- **DIRECTIONS FOR THIS TASK**
Starting at the line containing "ฟิล์มกระจกเต็มจอ [มีตะแกรงกันฝุ่น] For" and ending at the line containing "寶寶旗袍套裝 夏裝韓版新款女童童裝兒童印花兩件套tz-3019", transcribe the listing below exactly. Keep both end lines, skip the pictures, and copy nothing else.
*** Opening DATA PROVIDED ***
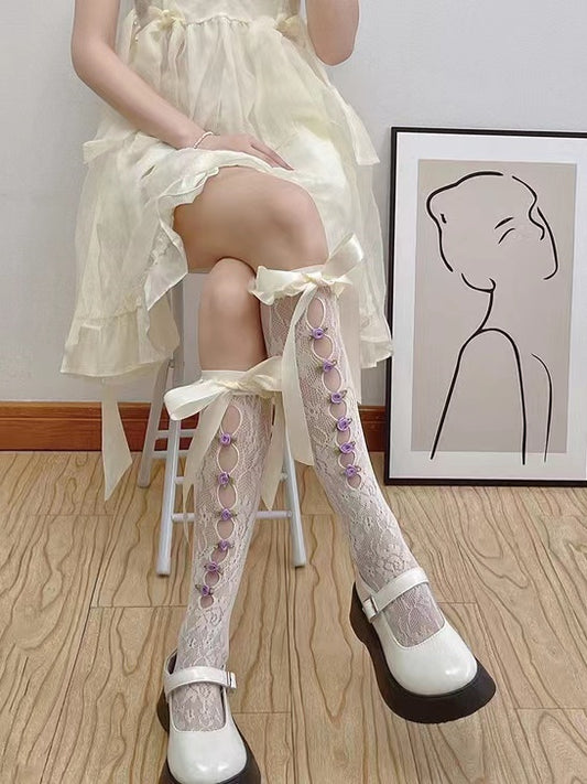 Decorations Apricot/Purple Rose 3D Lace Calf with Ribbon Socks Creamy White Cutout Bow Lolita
*** Closing DATA PROVIDED ***
*** Opening DATA PROVIDED ***
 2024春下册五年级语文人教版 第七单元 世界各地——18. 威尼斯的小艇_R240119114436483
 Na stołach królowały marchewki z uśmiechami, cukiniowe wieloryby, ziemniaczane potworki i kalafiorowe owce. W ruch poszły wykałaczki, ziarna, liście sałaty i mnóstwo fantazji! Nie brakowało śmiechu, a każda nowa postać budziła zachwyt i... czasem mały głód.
*** Closing DATA PROVIDED ***
*** Opening DATA PROVIDED ***
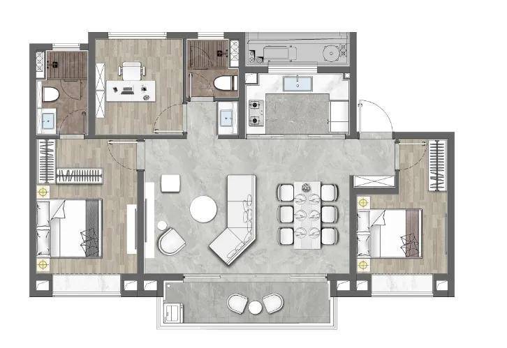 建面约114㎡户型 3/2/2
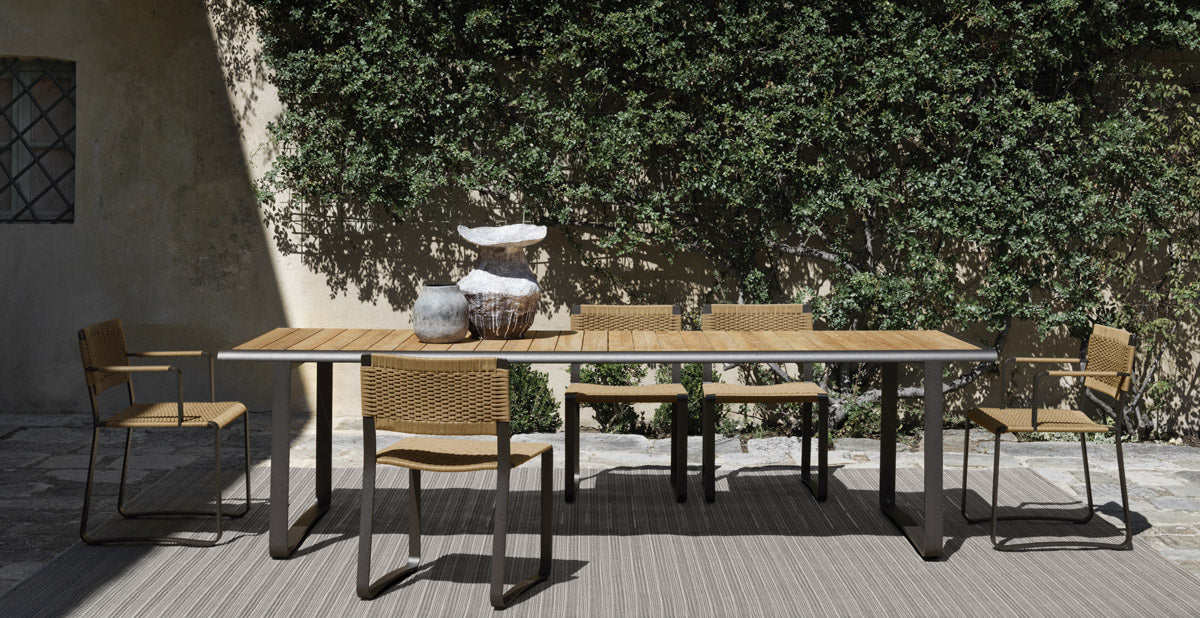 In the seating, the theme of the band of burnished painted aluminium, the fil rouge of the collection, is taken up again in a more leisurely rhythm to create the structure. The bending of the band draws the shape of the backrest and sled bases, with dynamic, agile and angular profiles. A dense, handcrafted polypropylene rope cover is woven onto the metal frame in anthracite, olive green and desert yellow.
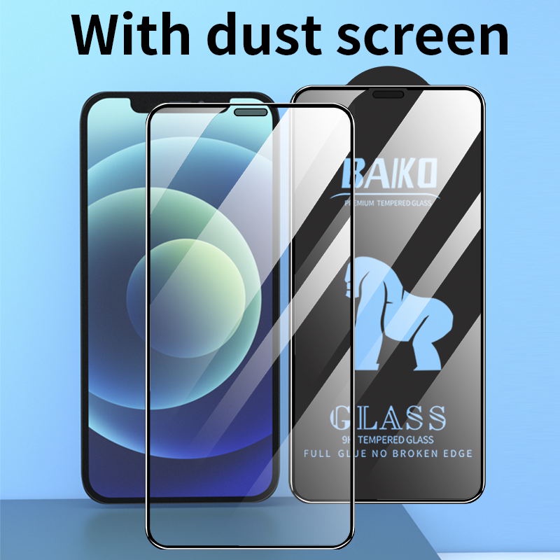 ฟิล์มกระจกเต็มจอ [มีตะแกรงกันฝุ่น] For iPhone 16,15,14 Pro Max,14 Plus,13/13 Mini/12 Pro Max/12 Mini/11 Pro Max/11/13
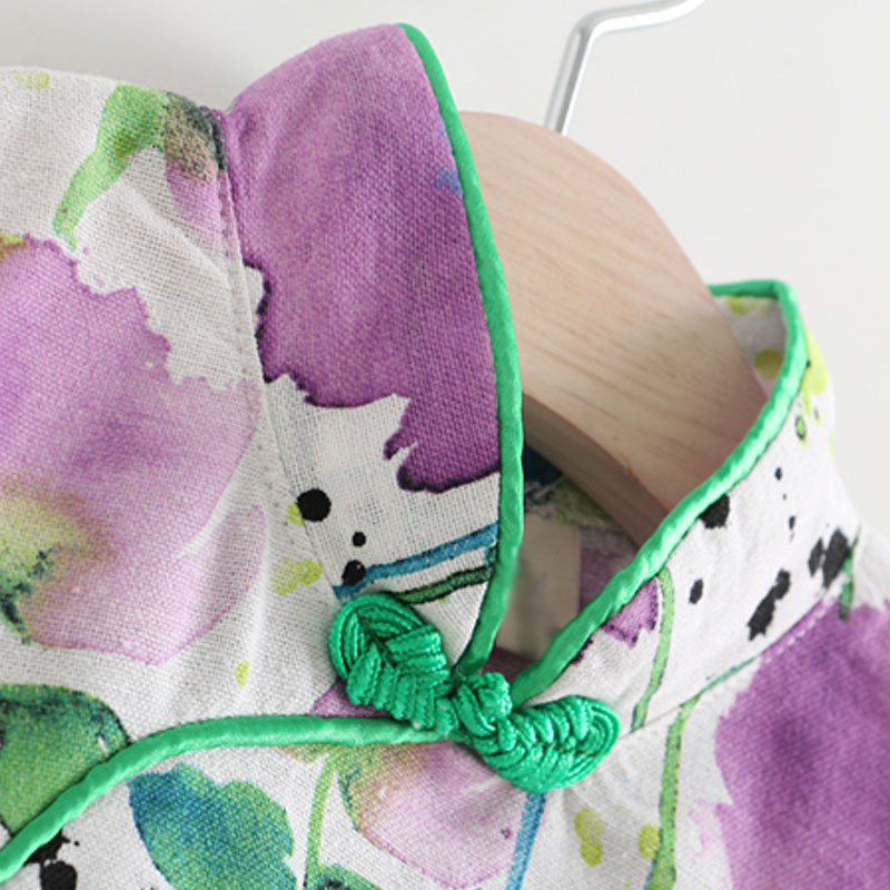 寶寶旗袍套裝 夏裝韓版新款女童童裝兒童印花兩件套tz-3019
*** Closing DATA PROVIDED ***
- **REPLY**
 ฟิล์มกระจกเต็มจอ [มีตะแกรงกันฝุ่น] For iPhone 16,15,14 Pro Max,14 Plus,13/13 Mini/12 Pro Max/12 Mini/11 Pro Max/11/13
 寶寶旗袍套裝 夏裝韓版新款女童童裝兒童印花兩件套tz-3019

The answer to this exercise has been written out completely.